What makes AI different is not simply bias, but the scale, speed, and secrecy at work. Unlike textbooks, encyclopedias, or even cable news, where editorial choices can be debated, cited, and held up to scrutiny, the process by which AI decides what you know is hidden and changeable at will—with top-down changes propagating to millions of users in mere hours. In the 2024 Gemini controversies, Google's image generator initially refused to depict white people in historical contexts, then—after public backlash—overcorrected by adjusting its outputs within a day, revising policies, filtering rules, and prompt instructions with no public explanation of what changed or why. Users saw new outputs without any mark or warning about what, why, or how the change occurred. OpenAI's ChatGPT, similarly, is subject to ongoing prompt and alignment updates, producing shifts in political, ethical, and cultural responses between model versions. These changes—sometimes implemented to reduce bias or harm, sometimes for more ambiguous reasons—are rarely advertised, much less debated, outside the company (Frontiers in AI, 2025; OpenAI, 2025b).

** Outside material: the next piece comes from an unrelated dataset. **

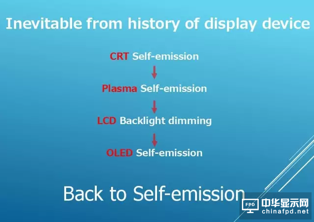 “CRT陰(yin)極射(she)線管(guan)(guan)、等離(li)子(zi)都是(shi)(shi)(shi)自(zi)(zi)發光,其(qi)中CRT陰(yin)極射(she)線管(guan)(guan)具有(you)(you)反(fan)應(ying)非(fei)(fei)(fei)常(chang)快(kuai)、沒(mei)有(you)(you)視角的(de)(de)(de)問題、黑(hei)暗對比(bi)度(du)比(bi)較高、顏(yan)色再(zai)現(xian)性(xing)比(bi)較好、脈沖響應(ying)非(fei)(fei)(fei)常(chang)靈敏等特(te)(te)點(dian)(dian)(dian),但缺(que)(que)點(dian)(dian)(dian)是(shi)(shi)(shi)只適(shi)合模擬視頻;而等離(li)子(zi)也具有(you)(you)反(fan)應(ying)速度(du)快(kuai)、沒(mei)有(you)(you)視角問題、黑(hei)暗對比(bi)度(du)高等特(te)(te)點(dian)(dian)(dian),缺(que)(que)點(dian)(dian)(dian)是(shi)(shi)(shi)會留下綠色熒光體殘影(ying),動作視頻會有(you)(you)重(zhong)影(ying),成本也是(shi)(shi)(shi)非(fei)(fei)(fei)常(chang)高,因(yin)而沒(mei)有(you)(you)得到很(hen)好的(de)(de)(de)發展。”麻(ma)倉(cang)憐(lian)士回顧顯示(shi)(shi)技術發展歷程表示(shi)(shi):“盡管(guan)(guan)LCD解決了CRT陰(yin)極射(she)線管(guan)(guan)和等離(li)子(zi)技術存在(zai)的(de)(de)(de)缺(que)(que)點(dian)(dian)(dian),但是(shi)(shi)(shi)它自(zi)(zi)身仍然(ran)存在(zai)一(yi)些無(wu)法(fa)克服的(de)(de)(de)問題。理(li)想的(de)(de)(de)顯示(shi)(shi)器是(shi)(shi)(shi)什么呢?它應(ying)該是(shi)(shi)(shi)結合了陰(yin)極射(she)線管(guan)(guan)、等離(li)子(zi)、LCD液晶所(suo)有(you)(you)的(de)(de)(de)優點(dian)(dian)(dian),但是(shi)(shi)(shi)同時又沒(mei)有(you)(you)它們的(de)(de)(de)缺(que)(que)點(dian)(dian)(dian)。這(zhe)是(shi)(shi)(shi)什么呢?這(zhe)就是(shi)(shi)(shi)OLED。”

It is important to acknowledge: prompt engineering can, and often does, serve salutary aims—reducing harmful biases, blocking hate speech, and mitigating misinformation in real time. Yet the underlying problem remains. In traditional newsrooms, corrections and editorial shifts must be justified, posted, and open to contest. When major AI-driven shifts occur invisibly, even positive changes risk undermining crucial epistemic norms: transparency of evidence, public warrant for knowledge, and the principle of contestability in plural societies. If unnoticed changes remake what "everyone knows" about critical questions—whether "systemic racism," "gender violence," or "civilizational threats"—the stakes become not merely academic, but democratic.
Even when changes are well-intentioned, value pluralism compounds the risk: every substantive revision is championed by some and attacked by others. Musk's prompt changes to Grok were celebrated in some circles and condemned in others. What matters most is not the immediate politics of any revision, but the upstream condition that enables so much power over public knowledge to reside with so few, to be exercised with such speed and scale, without process or visibility.
Technical research and recent ethical frameworks now converge on a basic warning: without robust transparency and public contestability, invisible and swift editorial power puts our shared knowledge at risk. For as long as the processes of prompt engineering remain locked away, we lose not just the right to critique a specific answer, but the ability to know what has changed, why, and who decides.
What appeared as a minor overnight tweak in Grok was, in fact, a warning—about the new architecture of reality, now rewired for millions at a keystroke by a tiny group behind the curtain. The question is whether we'll demand transparency before this becomes the new normal.
Endnotes:
- New York Times. (2025). "How Elon Musk Is Remaking Grok in His Image." https://www.nytimes.com/2025/09/02/technology/elon-musk-grok-conservative-chatbot.html — Documents the series of overnight Grok revisions and the political content of edits.
- Google. (2025a). "Gemini for safety filtering and content moderation." — Company documentation on prompt engineering and rapid policy updates.
- OpenAI. (2022). "Aligning language models to follow instructions." — Technical whitepaper on how prompt engineering steers generative model outputs.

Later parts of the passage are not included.